Because many web speed problems can be caused by images that are meant for print and may be too high in resolution for online platforms, Thomas emphasized a system of figuring out which images might be causing problems and might be acceptable at a lower resolution.

"Even photos taken with your phone are often too large," she noted. 

PageSpeed Insights via Google Analytics will alert you to problem areas on your website, she said, and will suggest optimized versions of images that may be slowing things down. Another tool that Thomas and Wacker both like for fixing online photos so they load faster is called IrfanView, which is only for PCs. Both of these tools, Thomas said, can allow another bar staff member to take some time pressure off the designer. Typically, a designer would try to optimize photos within Photoshop, but this is very time consuming, she said, and also involves “guesswork.”

In most cases, Thomas said, the difference between the original image and one that has been optimized by either tool will be imperceptible enough that the bar’s designer will approve them for use online. Be aware, she said, of the wide variety of ways that images are used, and that this will help dictate whether an optimized version is visually acceptable. The bar’s logo, for example, will likely look just fine in the compressed, optimized form. But, depending on the design, “optimizing would be a disaster” for many “hero” images that showcase a person or people very prominently and at a large size. The goal with optimizing images, she said, is to find a “happy medium” where enough of them are changed to improve the overall website speed while still allowing certain ones to be used at the higher resolution.

Additional thoughts on images

Thomas shared another quick tip regarding photos: If you enable “progressive loading,” in which the photos are blurry for a brief moment and then become clear, they will ultimately load faster.

Also helpful, Wacker said, is to enable caching of static images. This means that the visitor’s browser will retain any unchanging images for their next visit rather than having to download everything again with each visit.

Wacker shared an insight regarding both photos and PDFs that might be surprising to a lot of people who are not in IT: All the PDFs and images on the KCMBA’s website are hosted remotely. For example, all of the bar's CLE materials are hosted as PDFs by Amazon Web Services, which charges a usage-based fee. For the KCMBA, Wacker added, the charge is never more than $1 per month. Thomas noted that people have no idea that they’re actually going to Amazon to view KCMBA materials. This service has improved web speed and has been a good experience for the bar and for its visitors, she said.

Another option, Wacker said, is to use a content delivery network, which is a system of servers that deliver web content to visitors based on their geographic location. One such CDN is operated by Akamai, he said; he also likes one from Sucuri that costs $20 a month and also includes a firewall.

Finally, Wacker said, some people put their photos on Twitter first and then upload them to their website. Twitter has a very large network, he explained, so uploading photos from there will result in faster loading speed.

Testing, testing

Rather than just trusting your own experience with your website—or waiting to hear if members complain about it—Thomas and Wacker recommended running a test to assess your loading speed. It’s best to run such a test at a time when the server isn’t extremely busy, Thomas added, as this will skew the results.
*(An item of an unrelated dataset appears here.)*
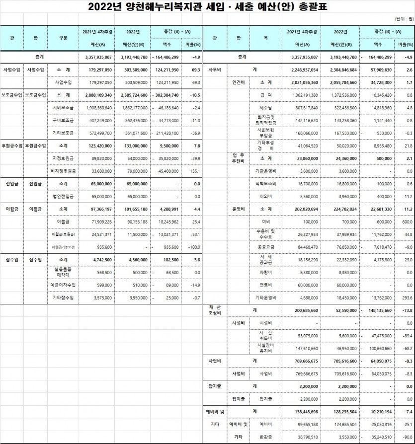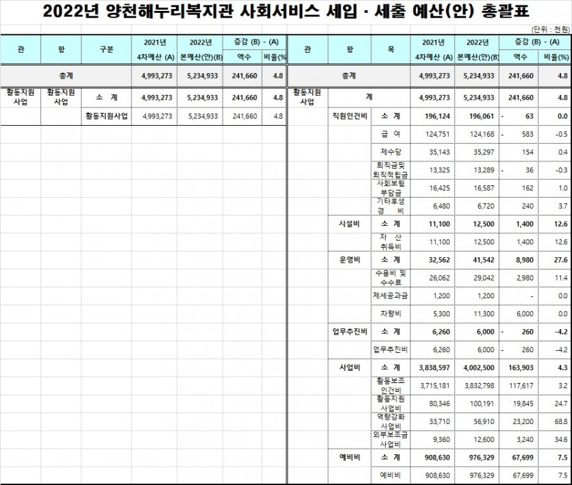 2022년 양천해누리복지관 세입세출 예산

Wacker and Thomas mentioned a couple of testing tools in particular. Webpagetest.org checks one page at a time, not the whole site, Thomas said, and it can take a while depending on how many others are trying to use it at the same time. PageSpeed Insights scans your entire site, Wacker noted, and gives you an overview of where you might have some bottlenecks.

And don’t forget to test how fast your site loads on mobile devices, Wacker added; he recommended a tool from Google for that.

Finally, Wacker noted, make sure to test your website’s security certificate—and don’t think that it must be OK because it’s a bar association website. Wacker recommended a test from Qualys SSL Labs, which checks your certificate and gives you a letter grade.

“You need a B or better,” he noted. “Lots of bar associations get C’s, D’s, and F’s.”